Your answer should hold exactly the lines below from the line with "The five prestigious" through the line with "- Feature : TV", both included, and no pictures at all.

─── Recorded information ───

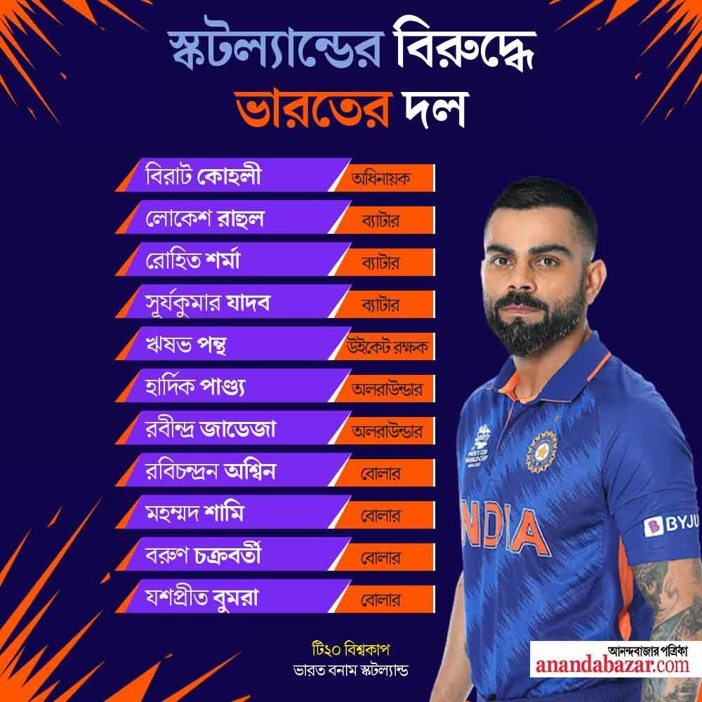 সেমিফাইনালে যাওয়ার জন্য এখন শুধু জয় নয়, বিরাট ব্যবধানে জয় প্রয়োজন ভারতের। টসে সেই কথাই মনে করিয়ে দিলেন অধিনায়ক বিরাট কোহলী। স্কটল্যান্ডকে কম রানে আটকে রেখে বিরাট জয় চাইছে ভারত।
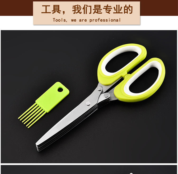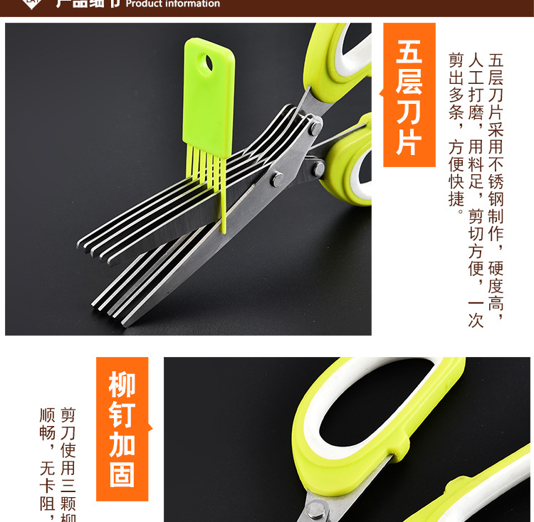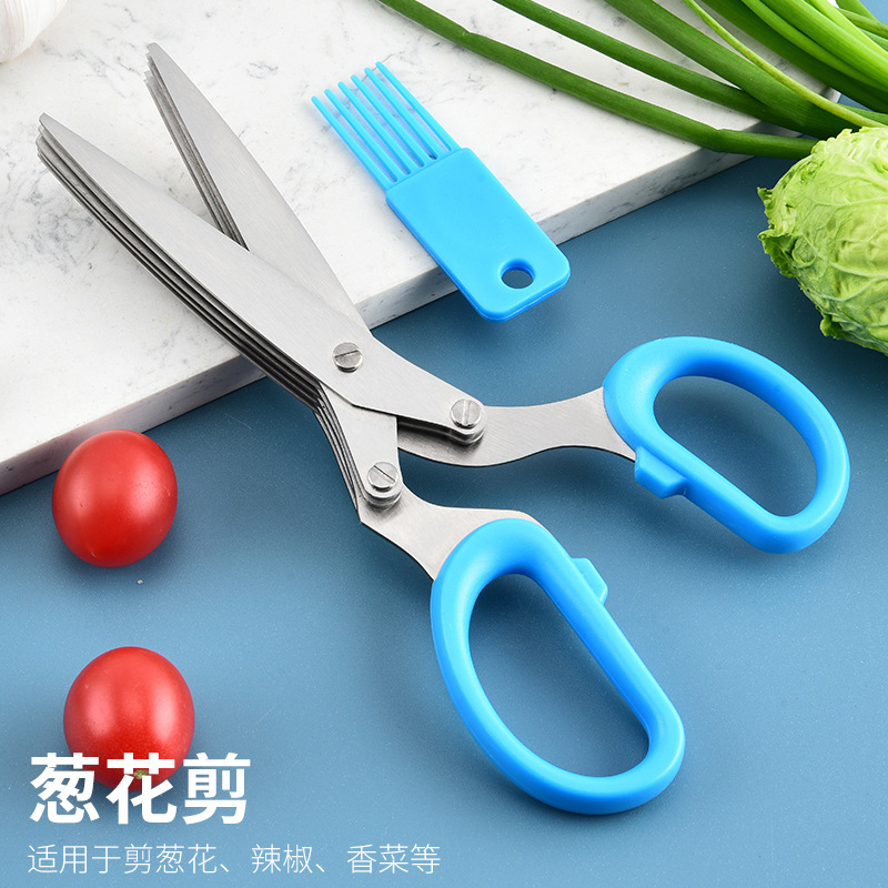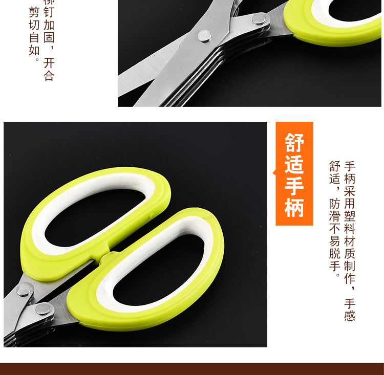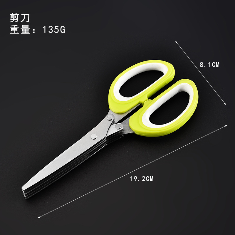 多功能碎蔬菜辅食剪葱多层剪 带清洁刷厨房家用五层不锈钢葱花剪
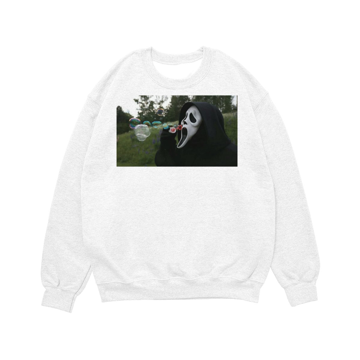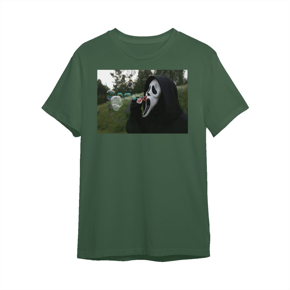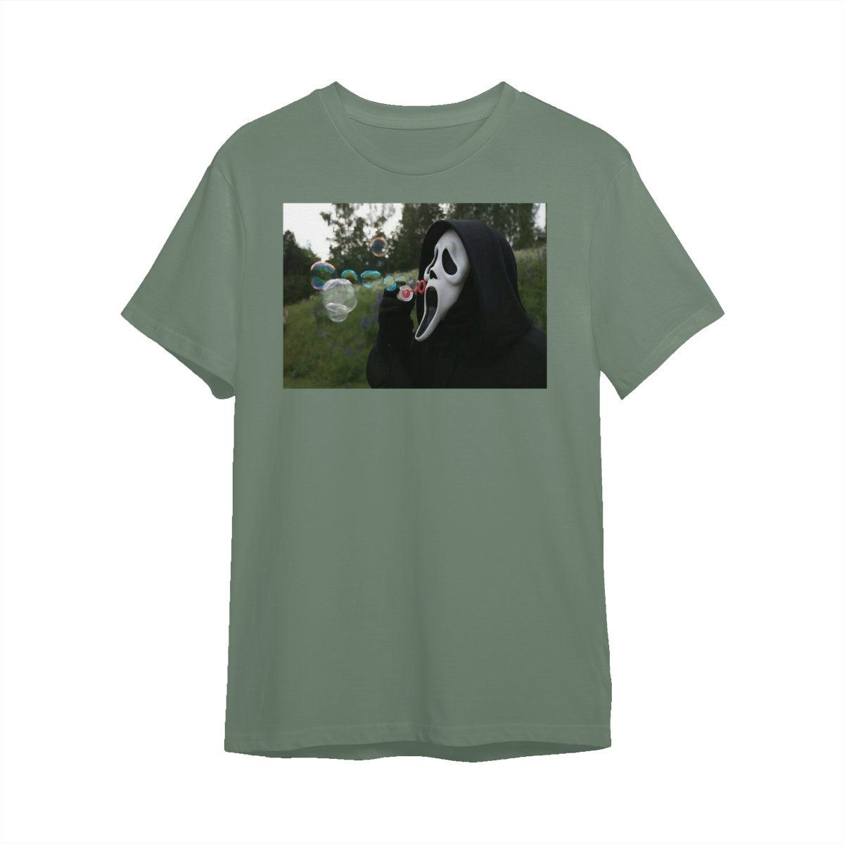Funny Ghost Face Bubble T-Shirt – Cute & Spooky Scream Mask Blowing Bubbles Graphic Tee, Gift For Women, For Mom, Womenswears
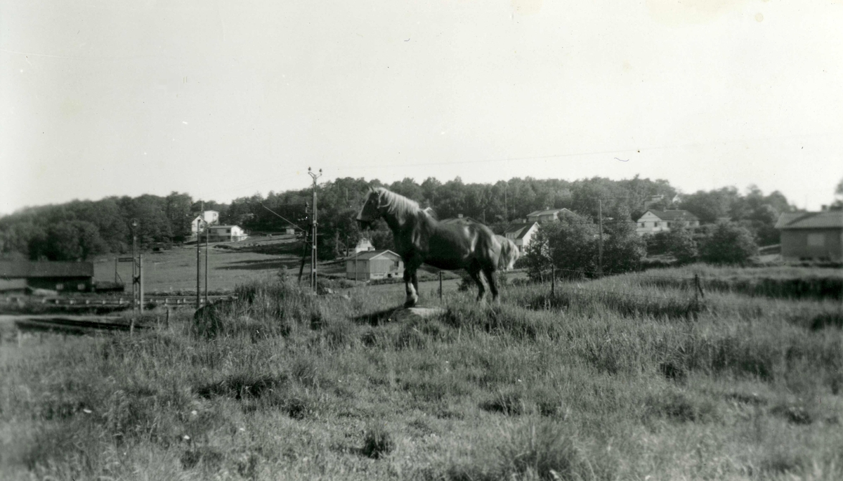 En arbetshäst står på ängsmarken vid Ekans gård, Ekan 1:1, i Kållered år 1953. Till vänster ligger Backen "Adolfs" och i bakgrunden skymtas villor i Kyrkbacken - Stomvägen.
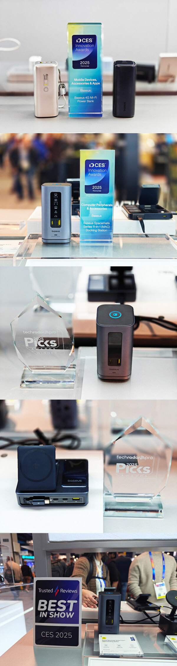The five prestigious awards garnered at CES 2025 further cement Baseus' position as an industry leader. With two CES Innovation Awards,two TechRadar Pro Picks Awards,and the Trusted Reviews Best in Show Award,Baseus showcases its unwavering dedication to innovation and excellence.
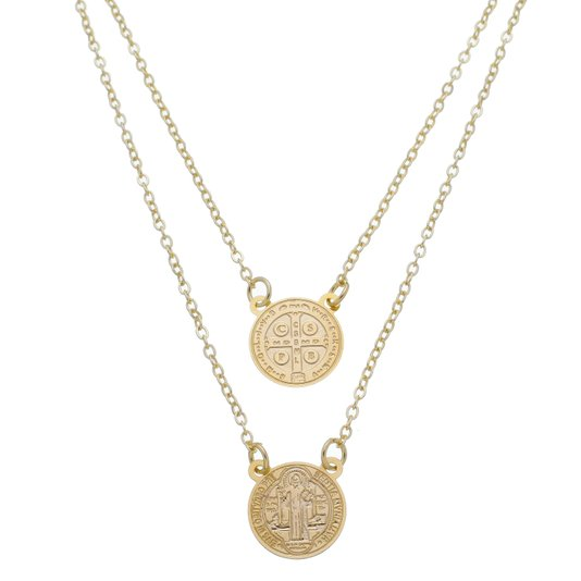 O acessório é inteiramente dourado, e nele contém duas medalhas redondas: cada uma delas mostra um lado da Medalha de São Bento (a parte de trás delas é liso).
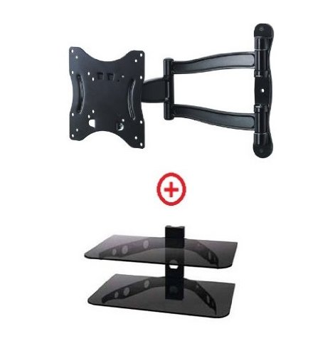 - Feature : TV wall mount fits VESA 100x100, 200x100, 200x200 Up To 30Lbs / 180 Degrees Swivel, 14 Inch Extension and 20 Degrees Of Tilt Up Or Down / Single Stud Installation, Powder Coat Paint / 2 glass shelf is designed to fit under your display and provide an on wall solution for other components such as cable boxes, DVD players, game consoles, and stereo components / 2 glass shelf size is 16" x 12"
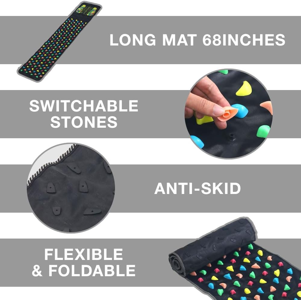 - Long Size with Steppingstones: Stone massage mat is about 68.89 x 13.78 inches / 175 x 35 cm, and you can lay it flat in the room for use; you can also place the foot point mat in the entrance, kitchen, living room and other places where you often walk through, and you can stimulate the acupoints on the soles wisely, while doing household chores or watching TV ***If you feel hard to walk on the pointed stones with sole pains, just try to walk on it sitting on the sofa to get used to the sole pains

───

* Finished task:
The five prestigious awards garnered at CES 2025 further cement Baseus' position as an industry leader. With two CES Innovation Awards,two TechRadar Pro Picks Awards,and the Trusted Reviews Best in Show Award,Baseus showcases its unwavering dedication to innovation and excellence.
 O acessório é inteiramente dourado, e nele contém duas medalhas redondas: cada uma delas mostra um lado da Medalha de São Bento (a parte de trás delas é liso).
 - Feature : TV wall mount fits VESA 100x100, 200x100, 200x200 Up To 30Lbs / 180 Degrees Swivel, 14 Inch Extension and 20 Degrees Of Tilt Up Or Down / Single Stud Installation, Powder Coat Paint / 2 glass shelf is designed to fit under your display and provide an on wall solution for other components such as cable boxes, DVD players, game consoles, and stereo components / 2 glass shelf size is 16" x 12"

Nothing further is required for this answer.